(Data records)
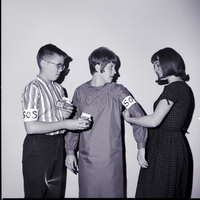 KEL 534 Preparing for the annual SOS drive to collect funds to purchase surplus food for hungry nations are, from left to right, David Cross, Beverly Martinsen, and Teresa Cole. The event is sponsored by the Twin Falls Ministerial Association, and junior and senior high students from eight different Twin Falls churches participated.
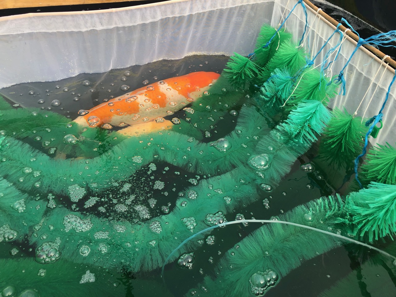 We started spawning this year on the weekend of 25th May, which is later that we’d usually start but has been delayed mainly because the end of April and first half of May being extremely busy with putting on our first stand at a koi show, and also the release of our jumbo tosai a week later. Occasionally, May offers us a warm few weeks which are enough to get a spawning and rear the fry outside. But, not this year – the odd warm day or few days gave us hope of a warm period which never set in. As things stand as I write this blog update, we are one third the way into June and the weather is still too cold. We couldn’t hold spawnings any further, and we are 2 weeks in to our spawning programme and have filled half of our expanded roster of fry ponds with hatchlings. It’s still too cold, but with the weather forecast saying we are still a week or two away from warmer weather… we have little choice but to crack on with it now and accept slower growth outdoors and just to make the best of it.
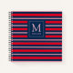Modern stylish preppy striped monogrammed notebook which can be used as a book of to-do lists, personal or work notes, ideas and thoughts. The notebook can be personalised with the inclusion of a monogram initial and name. A variety of spiral colours are available and the option between soft and hard cover.
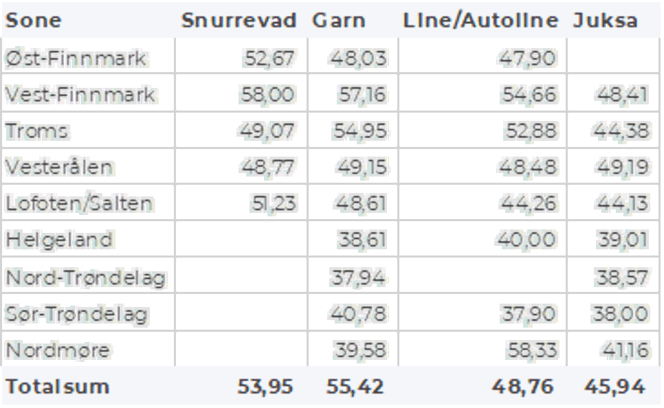 Som vanlig tidlig på et nytt år er det mye som dreier seg om torsk og sei, og tabell 2 og 3 viser fordelingen av landingene av fersk torsk pr leveringssone og redskap (unntatt trål), med tilhørende snittpriser. De to tabellene er basert på omsetning av kvalitet A og ekstra, der alle leveringstilstander inngår, men der snittprisene er omregnet til sløyd uten hode-priser, eksklusiv restråstoff.
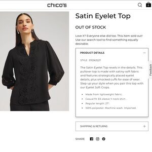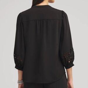 CHICO’S Satin Eyelet Popover Blouse in Black, Women's size 16, Chico's size 3. This shirt is a stand out with great detail and is made with easy wash and wear material, in excellent condition, like new. See photos for additional details.
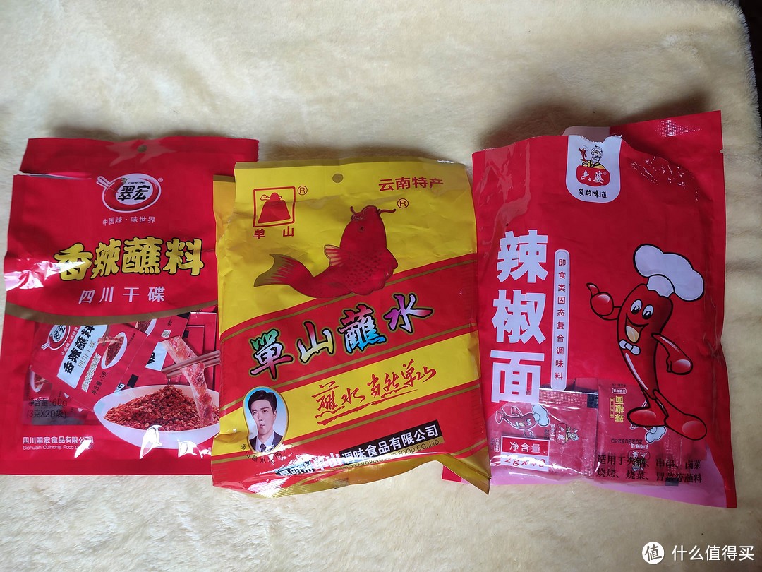 我买的分别是翠宏香辣碟(香辣口味)、单山蘸水(微辣)、六婆辣椒面(无选择)。
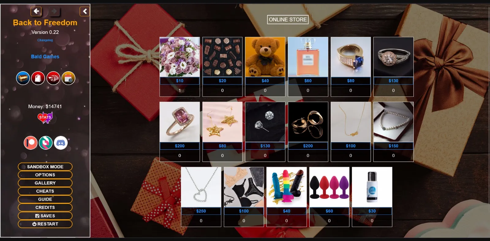 – New system: Online Store and Inventory. After a certain moment of the game, you will have an online store available in the sidebar. This store contains gifts for sale to be given to characters at certain times. The window also serves as an inventory showing how many of each item you currently have.
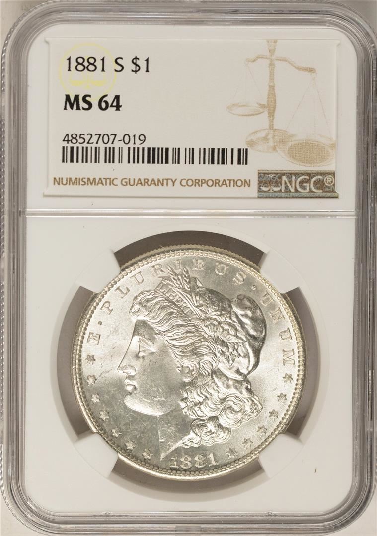 One 1881-S $1 Morgan Silver Dollar Coin NGC MS64. NGC Certified.
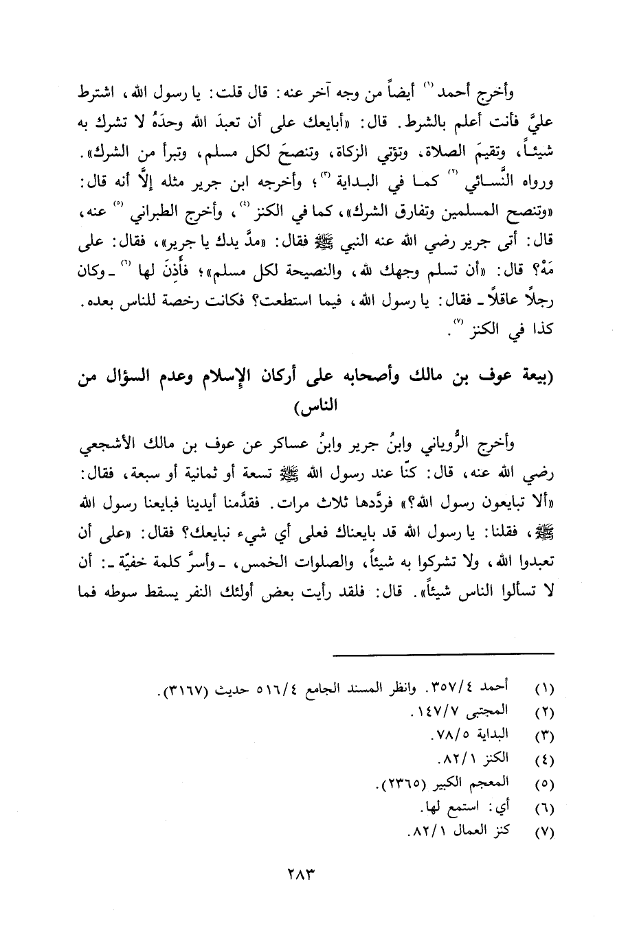 بيعة عوف بن مالك وأصحابه على أركان الإِسلام وعدم السؤال من الناس
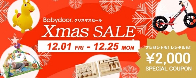 Babydoor株式会社(東京都豊島区、代表取締役社長:中川阿美)は、2017年12月1日(金)~2017年12月25日(月)の期間、クリスマスセールを実施いたします。セール期間中はクリスマスプレゼントにぴったりな商品が多数ラインナップいたします。更に、お客様からのご要望にお応えして新商品も続々入荷予定です。ぜひこの機会にお求め下さい。
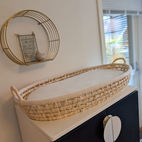 H: 52cm x Diam: 32cm. Bomull/polyester. Snor til å lukke igjen kurven. Hanker. 200kr.
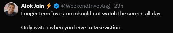 Tweet of the day two is around behavior of investors. A lot of people are basically watching the screen, watching the ticker all the time. You know, you have 20, 30 stocks in your portfolio and you’re watching those prices all time, all the day.
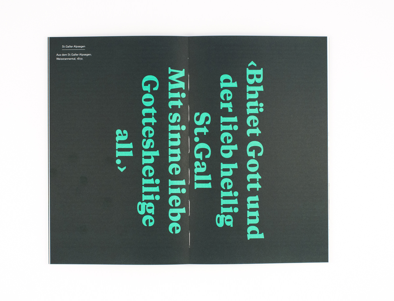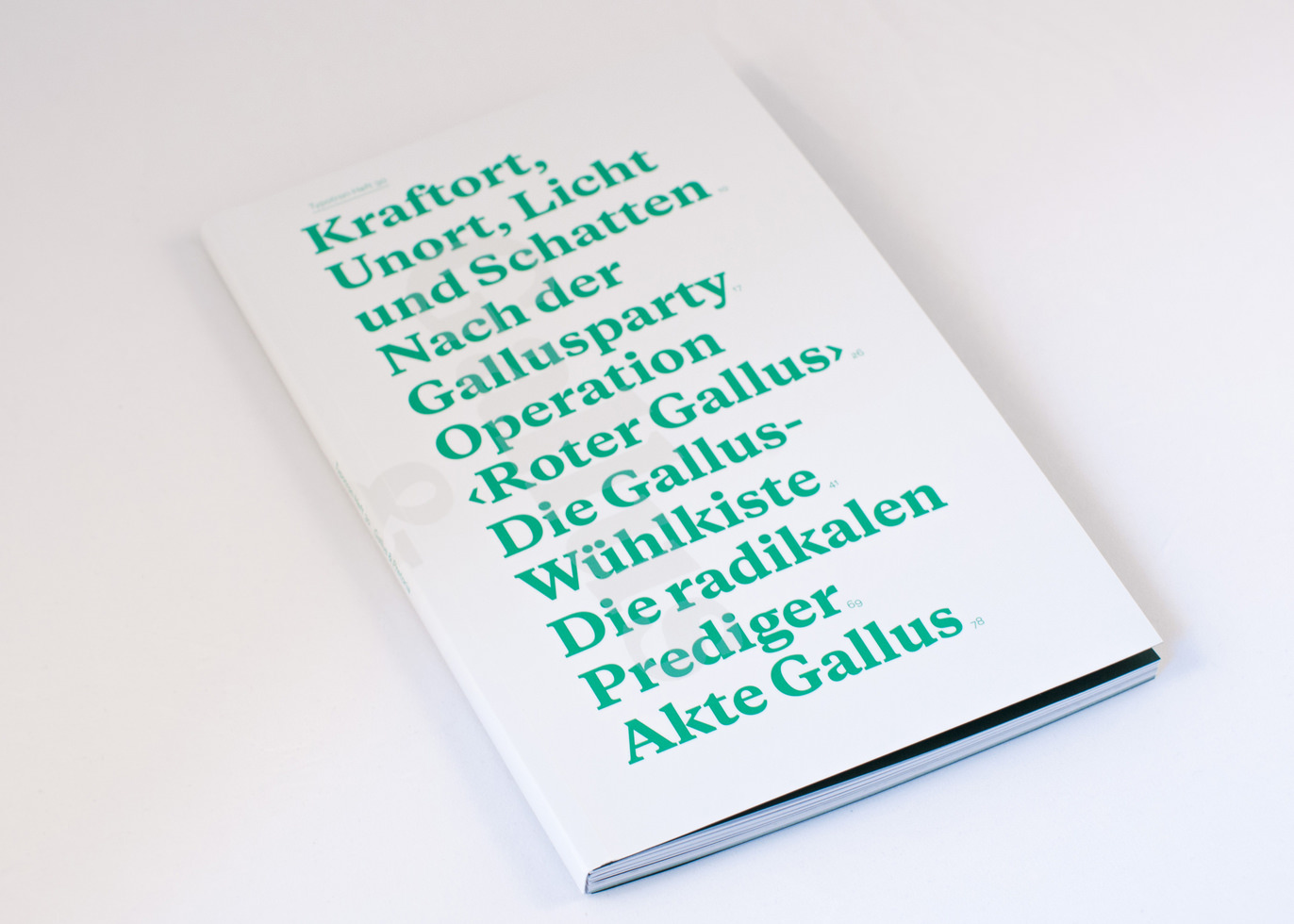 On the occasion of the 1400 anniversary of the city of St.Gallen, which was founded by Gallus, the 30th edition of the ”Typotron-Heft” makes a contribution to the topic. It tells the story of the cult figure and his affect on society in different centuries. Therefore working in cooperation with the Historical Museum was essential, as the exhibition ”Gallus – Cult, Kitsch, Cartoon” took place at the same time.
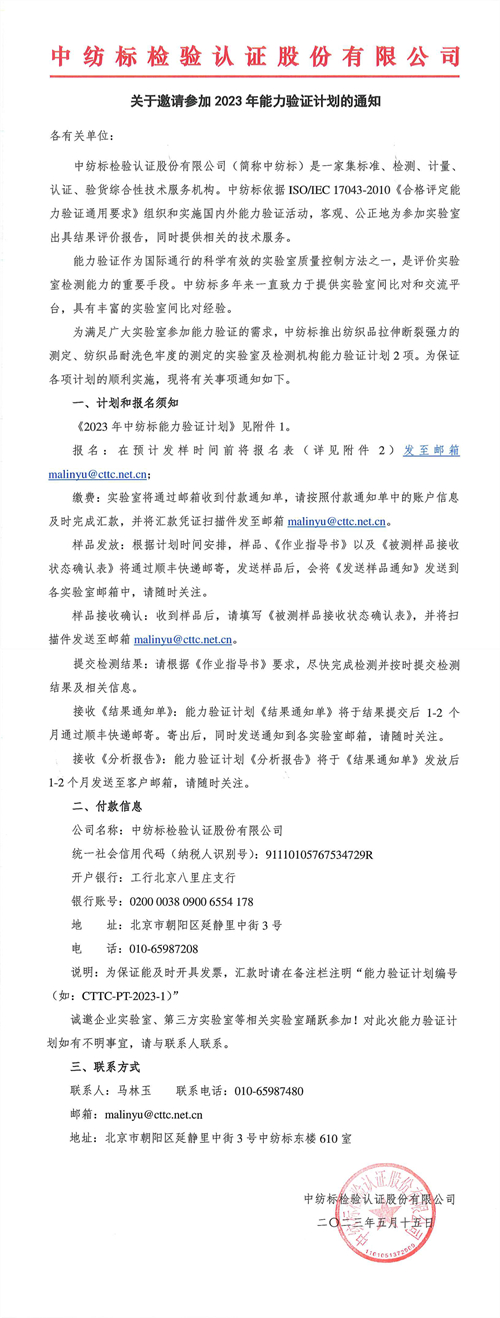 能力验证作为国际通行的科学有效的实验室质量控制方法之一,是评价实验室检测能力的重要手段。通用技术中纺院英国365集团公司检验认证股份有限公司(以下简称“英国365集团公司”)多年来一直致力于提供实验室间比对和交流平台,具有丰富的实验室间比对经验。英国365集团公司依据ISO/IEC 17043-2010《合格评定能力验证通用要求》组织和实施国内外能力验证活动,客观、公正地为参加实验室出具结果评价报告,同时提供相关的技术服务。英国365集团公司已启动2023年能力验证计划。诚邀企业实验室、第三方实验室等相关实验室踊跃参加!
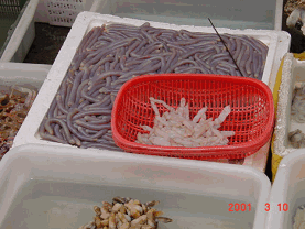 という言葉が中国にはあるらしいが、東門市場に行くと、畜肉のみならず、魚類、甲殻類、貝類等非常に多種多様な水産生物を食用、薬用に利用されていた。
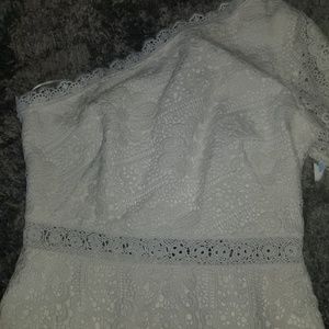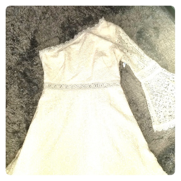Worn only once no stains smoke free,one shoulder Boho lace kaityln dress is styled with a flared bell ,sleeve and trim detail.
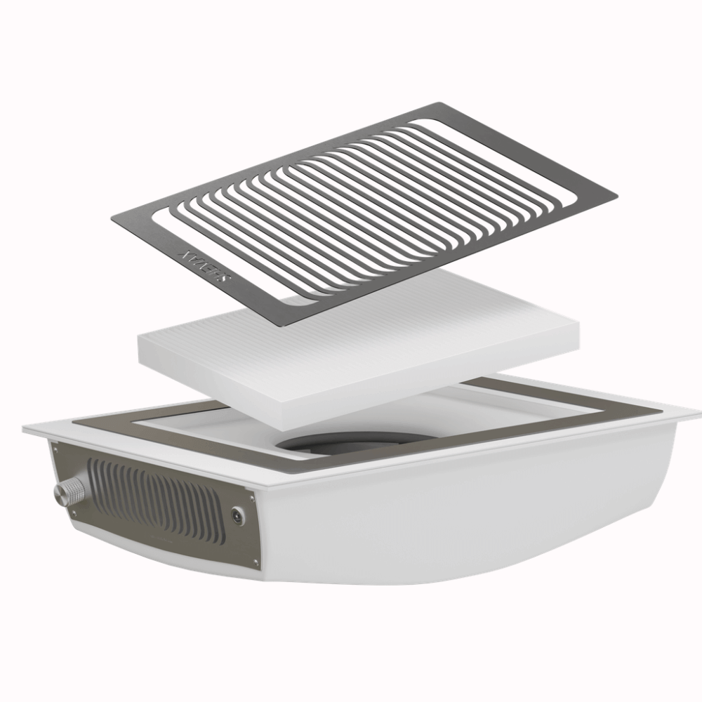 Jouw gezondheid en die van je klant staan altijd op nummer één. Een professionele nagelafzuiging is daarom onmisbaar in iedere moderne nagelsalon. De SHEMAX STYLE V-PRO inbouw afzuiging combineert krachtige prestaties met een luxe design, perfect voor de veeleisende nagelstylist.
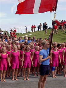 I hans nya bok, en kulturanalys av det danska Landsstævnet med titeln Idræt som fest bogen om landsstævnet skriven tillsammans med Bo Vestergård Madsen, är det åter festen som idrottens djupaste ursprung och mening som är föremål för Henning Eichbergs uppmärksamhet. Boken recenseras i en kommande uppdatering av idrottsforum.org. Bilden visar elever från Bernstorffsminde Efterskole som ska medverka vid Landsstævnet 2006. |

(Exercise brief): The required output is each line above restated verbatim, with all images omitted.

(Exercise response):
 KEL 534 Preparing for the annual SOS drive to collect funds to purchase surplus food for hungry nations are, from left to right, David Cross, Beverly Martinsen, and Teresa Cole. The event is sponsored by the Twin Falls Ministerial Association, and junior and senior high students from eight different Twin Falls churches participated.
 We started spawning this year on the weekend of 25th May, which is later that we’d usually start but has been delayed mainly because the end of April and first half of May being extremely busy with putting on our first stand at a koi show, and also the release of our jumbo tosai a week later. Occasionally, May offers us a warm few weeks which are enough to get a spawning and rear the fry outside. But, not this year – the odd warm day or few days gave us hope of a warm period which never set in. As things stand as I write this blog update, we are one third the way into June and the weather is still too cold. We couldn’t hold spawnings any further, and we are 2 weeks in to our spawning programme and have filled half of our expanded roster of fry ponds with hatchlings. It’s still too cold, but with the weather forecast saying we are still a week or two away from warmer weather… we have little choice but to crack on with it now and accept slower growth outdoors and just to make the best of it.
Modern stylish preppy striped monogrammed notebook which can be used as a book of to-do lists, personal or work notes, ideas and thoughts. The notebook can be personalised with the inclusion of a monogram initial and name. A variety of spiral colours are available and the option between soft and hard cover.
 Som vanlig tidlig på et nytt år er det mye som dreier seg om torsk og sei, og tabell 2 og 3 viser fordelingen av landingene av fersk torsk pr leveringssone og redskap (unntatt trål), med tilhørende snittpriser. De to tabellene er basert på omsetning av kvalitet A og ekstra, der alle leveringstilstander inngår, men der snittprisene er omregnet til sløyd uten hode-priser, eksklusiv restråstoff.
 CHICO’S Satin Eyelet Popover Blouse in Black, Women's size 16, Chico's size 3. This shirt is a stand out with great detail and is made with easy wash and wear material, in excellent condition, like new. See photos for additional details.
 我买的分别是翠宏香辣碟(香辣口味)、单山蘸水(微辣)、六婆辣椒面(无选择)。
 – New system: Online Store and Inventory. After a certain moment of the game, you will have an online store available in the sidebar. This store contains gifts for sale to be given to characters at certain times. The window also serves as an inventory showing how many of each item you currently have.
 One 1881-S $1 Morgan Silver Dollar Coin NGC MS64. NGC Certified.
 بيعة عوف بن مالك وأصحابه على أركان الإِسلام وعدم السؤال من الناس
 Babydoor株式会社(東京都豊島区、代表取締役社長:中川阿美)は、2017年12月1日(金)~2017年12月25日(月)の期間、クリスマスセールを実施いたします。セール期間中はクリスマスプレゼントにぴったりな商品が多数ラインナップいたします。更に、お客様からのご要望にお応えして新商品も続々入荷予定です。ぜひこの機会にお求め下さい。
 H: 52cm x Diam: 32cm. Bomull/polyester. Snor til å lukke igjen kurven. Hanker. 200kr.
 Tweet of the day two is around behavior of investors. A lot of people are basically watching the screen, watching the ticker all the time. You know, you have 20, 30 stocks in your portfolio and you’re watching those prices all time, all the day.
 On the occasion of the 1400 anniversary of the city of St.Gallen, which was founded by Gallus, the 30th edition of the ”Typotron-Heft” makes a contribution to the topic. It tells the story of the cult figure and his affect on society in different centuries. Therefore working in cooperation with the Historical Museum was essential, as the exhibition ”Gallus – Cult, Kitsch, Cartoon” took place at the same time.
 能力验证作为国际通行的科学有效的实验室质量控制方法之一,是评价实验室检测能力的重要手段。通用技术中纺院英国365集团公司检验认证股份有限公司(以下简称“英国365集团公司”)多年来一直致力于提供实验室间比对和交流平台,具有丰富的实验室间比对经验。英国365集团公司依据ISO/IEC 17043-2010《合格评定能力验证通用要求》组织和实施国内外能力验证活动,客观、公正地为参加实验室出具结果评价报告,同时提供相关的技术服务。英国365集团公司已启动2023年能力验证计划。诚邀企业实验室、第三方实验室等相关实验室踊跃参加!
 という言葉が中国にはあるらしいが、東門市場に行くと、畜肉のみならず、魚類、甲殻類、貝類等非常に多種多様な水産生物を食用、薬用に利用されていた。
Worn only once no stains smoke free,one shoulder Boho lace kaityln dress is styled with a flared bell ,sleeve and trim detail.
 Jouw gezondheid en die van je klant staan altijd op nummer één. Een professionele nagelafzuiging is daarom onmisbaar in iedere moderne nagelsalon. De SHEMAX STYLE V-PRO inbouw afzuiging combineert krachtige prestaties met een luxe design, perfect voor de veeleisende nagelstylist.
 I hans nya bok, en kulturanalys av det danska Landsstævnet med titeln Idræt som fest bogen om landsstævnet skriven tillsammans med Bo Vestergård Madsen, är det åter festen som idrottens djupaste ursprung och mening som är föremål för Henning Eichbergs uppmärksamhet. Boken recenseras i en kommande uppdatering av idrottsforum.org. Bilden visar elever från Bernstorffsminde Efterskole som ska medverka vid Landsstævnet 2006. |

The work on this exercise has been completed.